Тут Фаддей перекрестился и вслед за тем прикрикнул на лошадей, замахал кнутом и помчал во весь дух. Со всем моим старанием я не мог от него добиться более ни слова. В таком упрямом молчании довез он меня до следующей станции, где так же молчаливо поблагодарил меня поклоном, когда я отдал ему условленные сверх прогонов деньги.

Александр Куприн

«Ужас»

Никто из нас четырех не знал своих случайных спутников. Разговорились мы совершенно нечаянно, как можно только разговориться, сидя друг против друга в вагоне, в длинный декабрьский вечер.
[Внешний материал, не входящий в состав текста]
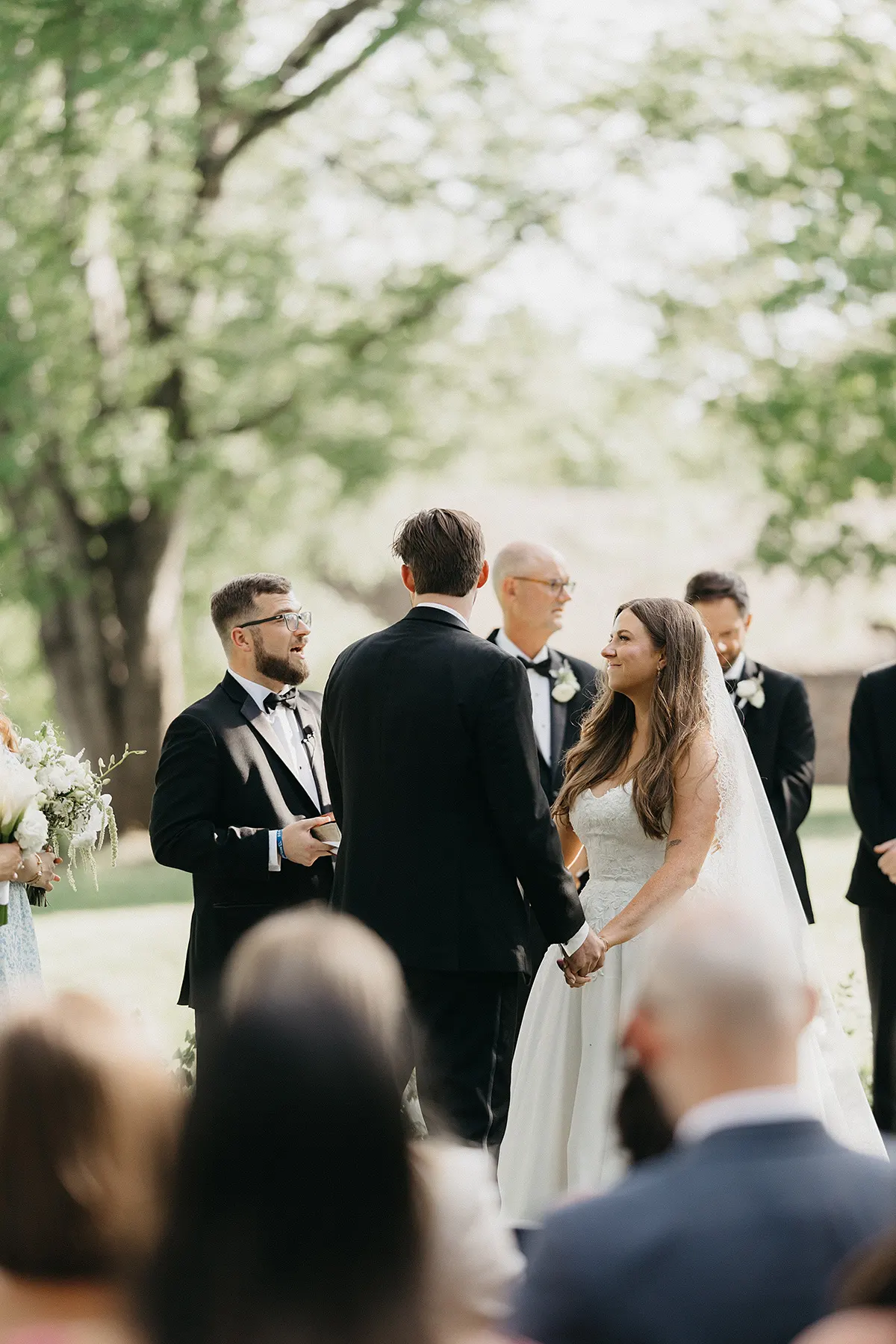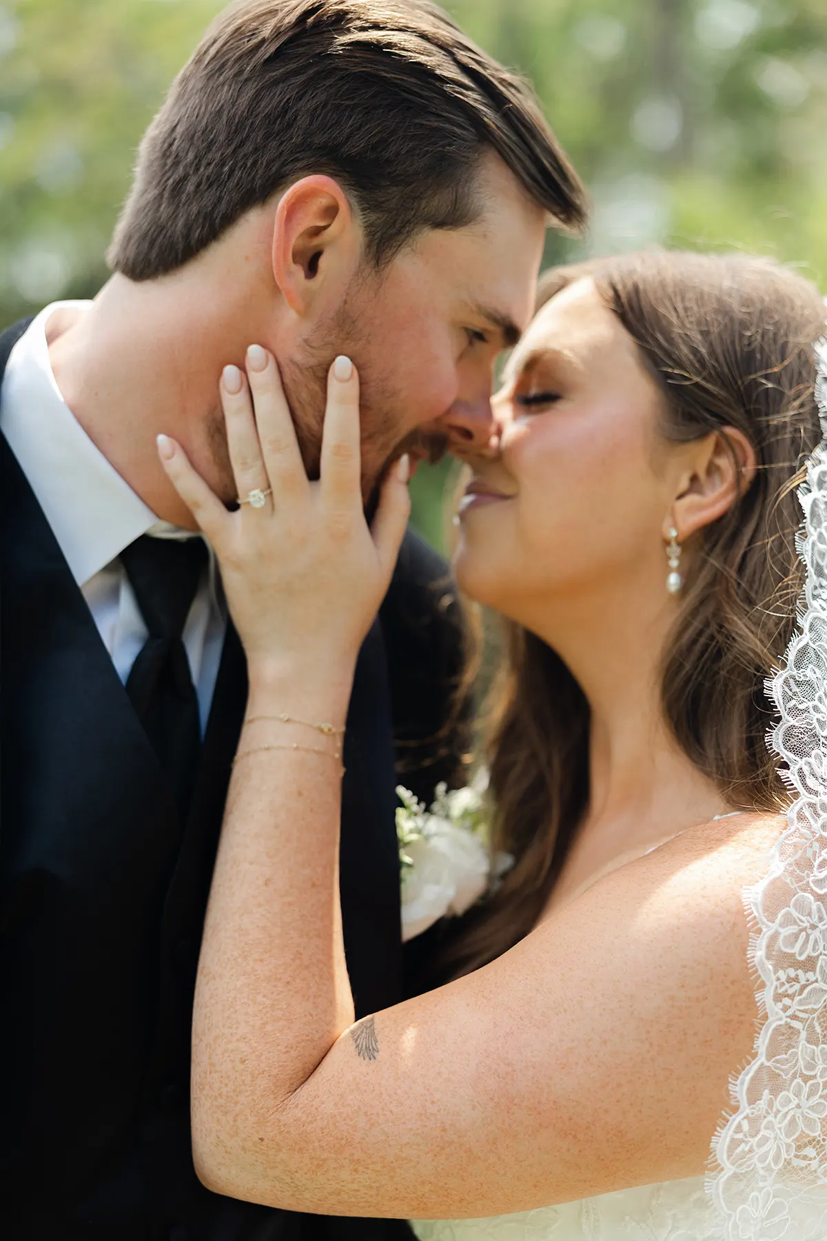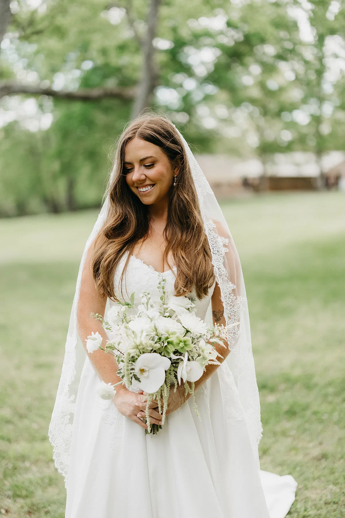I tried on over 65 gowns searching for the one I had pictured in my head—but nothing quite matched the vision. I knew I wanted something timeless and elegant, with a solid ivory base, delicate lace appliqués, and a shape that felt bridal but still me.

Угарный запах железной печки, зловещий тускло-желтый полусвет, изливаемый двумя фонарями, задернутыми занавесками, утомительно однообразный стук колес, в такт с которыми колыхались и вздрагивали на потолке вагона уродливые тени, – все это сообщило нашей беседе странный, полуфантастический характер. Вспоминались читанные и слышанные рассказы о загадочных явлениях жизни, объяснимых только вмешательством сверхъестественных сил, о таинственных предчувствиях, о самоубийствах и привидениях. Сообразно со вкусами и кругозором каждого из собеседников, и рассказы были различного свойства. Один из нас, по всей вероятности, купец, в медвежьей шубе таких гигантских размеров, что она оказалась бы широкой для самого крупного медведя, склонен был более всего к рассказам в религиозном духе. В его случаях фигурировали: то святотатцы, задумавшие обобрать покойника, стоявшего в церкви, то убитый разбойниками монах, требовавший по ночам, чтобы его тело предали земле, то икона в Новгороде, на которой постепенно распрямляются сжатые в кулак пальцы святого, и когда они окончательно распрямятся – это верный признак скорой кончины мира. Другой пассажир – студент-медик первого курса – пугал нас случаями, происходившими в анатомическом театре, случаями, передающимися из поколения в поколение и совершенно недостоверного свойства. Я тоже, помнится, варьировал какой-то из необыкновенных рассказов Эдгара По, переделав его на происшествие с моим хорошим знакомым. Четвертый собеседник – господин в ушастой меховой шапке и в пледе поверх пальто – лишь изредка нарушал свое молчание односложными замечаниями.

Поезд несся вперед. Вагон однообразно вздрагивал, и вместе с ним вздрагивали на потолке уродливые, тоскливые тени. За окном точно бежала назад небольшая полоса мутно-серого снега, едва освещаемого огнями поезда. Изредка в этой полосе быстро мелькали грустные черные силуэты оголенных кустов и деревьев, а дальше глаз тонул в холодной жуткой тьме, с которой сливались и небо и снег равнины, но в которой чувствовалась бушевавшая метель. Наши нервы невольно настроились на печальный и таинственный лад.

– Конечно, господа, все, что вы сейчас рассказали, необыкновенно и очень страшно, – произнес вдруг молчавший до сих пор господин в пледе и в ушастой шапке. – Но только все это – недостоверно. Кто из вас может поручиться за то, что эти случаи действительно происходили, а не явились плодом досужего вымысла? А я могу вам рассказать, если хотите, об одном происшествии, случившемся лично со мною. Я в продолжение всего лишь нескольких минут был одержим "ужасом сверхъестественного", но эти пять-шесть минут остались, и я знаю, что они навсегда останутся самым главным событием моей жизни, потому что невозможно одному и тому же человеку два раза в жизни перенести такой ужас.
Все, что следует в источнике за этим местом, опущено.